While adding new functionality to the library (in my case: Form-Flattening), i discovered several issues with content-related classes.
As some of the problems are with classes internal
to the library, the IssueSubmission-Template is not well suited for this, but i do my best to explain the issues as detailed as possible.
What I'm trying to do:
AcroFields (to be more precise: the WidgetAnnotation's of the fields) in PDF-documents have Appearance-Streams that contain drawing-operators used to render the fields on a page.
In PdfSharp, these drawing-operators (and their operands) are represented by CObject
s (and it's sub-classes).
In the process of flattening the AcroFields, I'm extracting these drawing-operators, adding some additional ones and render the result.

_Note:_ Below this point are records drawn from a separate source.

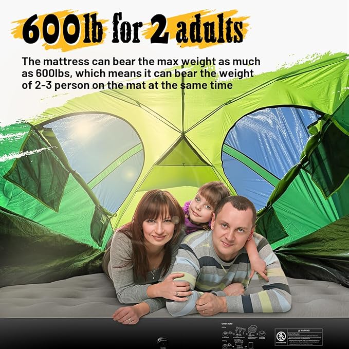 - 【Heavy-Duty Weight Capacity】With a whopping 600-pound weight capacity, this inflatable air mattress can easily accommodate 2-3 people simultaneously for a comfortable and cozy sleeping experience.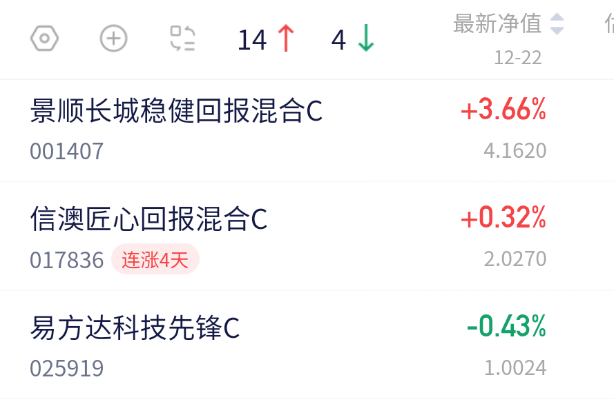 最近行情持续反弹,收益拉升不少呢。稳健类选手表现更加突出。$景顺长城稳健回报混合C(OTCFUND|001407)$昨天上涨3.66%,恐龙蛋啊。厉害。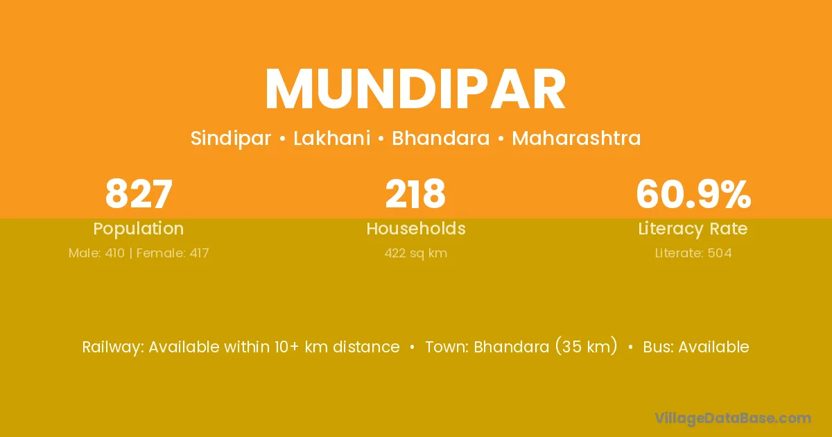 Gondiya (19 km) is the nearest town to Mundipar village for major economic activities and is located approximately 19 km away.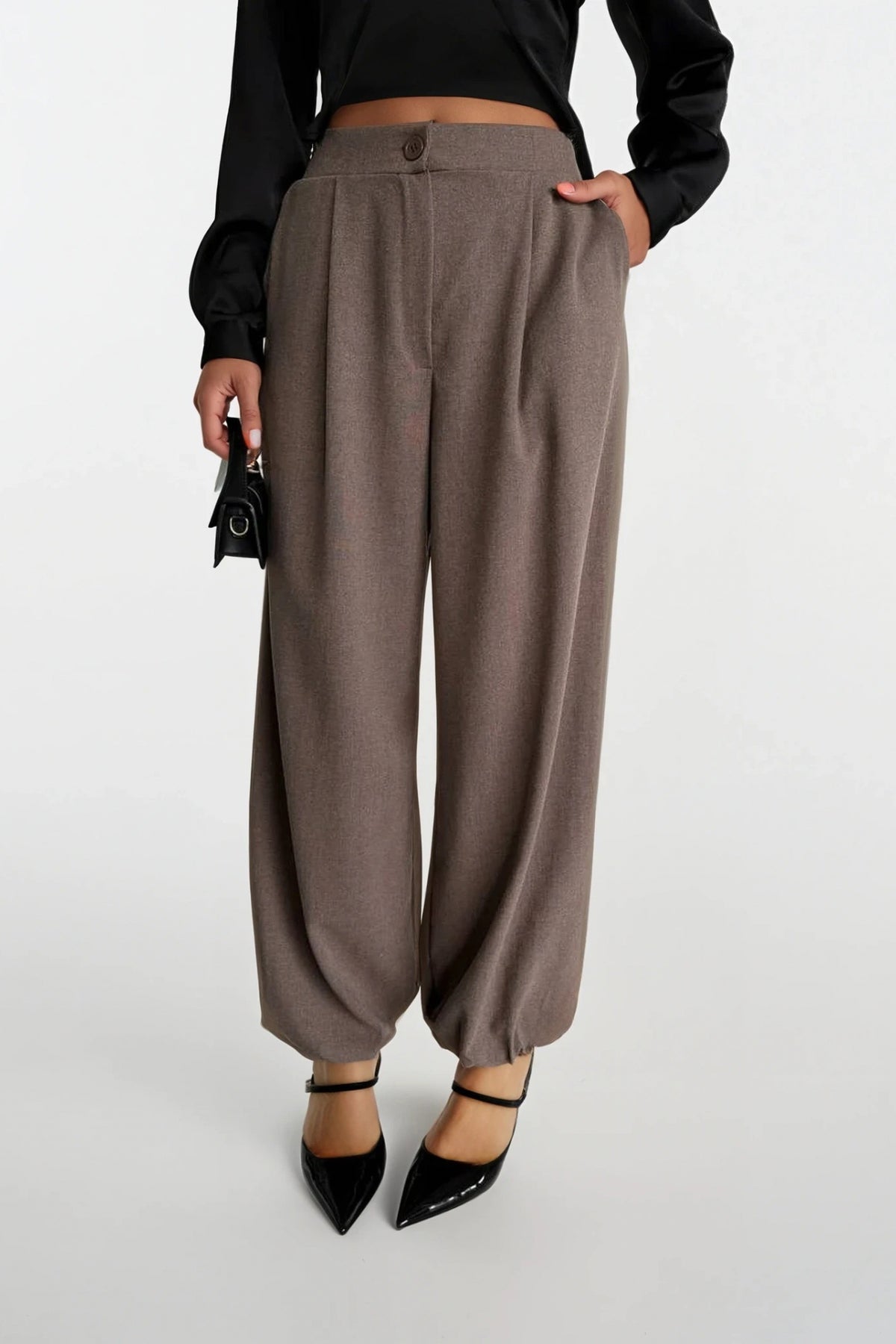 Paça Lastik Detay Vizon Pileli Pantolon

Somewhat simplified it looks like this:
protected virtual void RenderContentStream(PdfPage page, PdfDictionary streamDict, PdfRectangle rect)
{
var stream = streamDict.Stream;
var content = ContentReader.ReadContent(stream.UnfilteredValue);
// start drawing at the position specified in rect
var matrix = new XMatrix();
matrix.TranslateAppend(rect.X1, rect.Y1);
var matElements = matrix.GetElements();
var matrixOp = OpCodes.OperatorFromName("cm");
foreach (var el in matElements)
matrixOp.Operands.Add(new CReal { Value = el });
content.Insert(0, matrixOp);
// Save and restore Graphics state
content.Insert(0, OpCodes.OperatorFromName("q"));
content.Add(OpCodes.OperatorFromName("Q"));
// create new content
var appendedContent = page.Contents.AppendContent();
using (var ms = new System.IO.MemoryStream())
{
var cw = new ContentWriter(ms);
foreach (var obj in content)
obj.WriteObject(cw);
appendedContent.CreateStream(ms.ToArray());
}
}
The problems:
When reading the content (with ContentReader.ReadContent
) the CParser
does not set the CStringType
for CString
s.
This results in an exception when writing the objects back to a stream with WriteObject
.
The method CString.ToString
does a
switch (CStringType)
And the getter of CStringType
throws because _cStringType
was never set:
public CStringType CStringType
{
get => _cStringType ?? NRT.ThrowOnNull<CStringType>();
set => _cStringType = value;
}
CStringType? _cStringType;
Fix in CParser.ParseObject
:
case CSymbol.String:
case CSymbol.HexString:
case CSymbol.UnicodeString:
case CSymbol.UnicodeHexString:
s = new CString();
s.Value = _lexer.Token;
// CString.ToString() only supports CStringType.String // added
s.CStringType = CStringType.String; // added
_operands.Add(s);
break;
Wondering why the flattened fields were not rendered as intended, (sometimes not visible at all, sometimes at weird positions), i discovered that the operators q and Q which I've added to the content were not present in the output-document.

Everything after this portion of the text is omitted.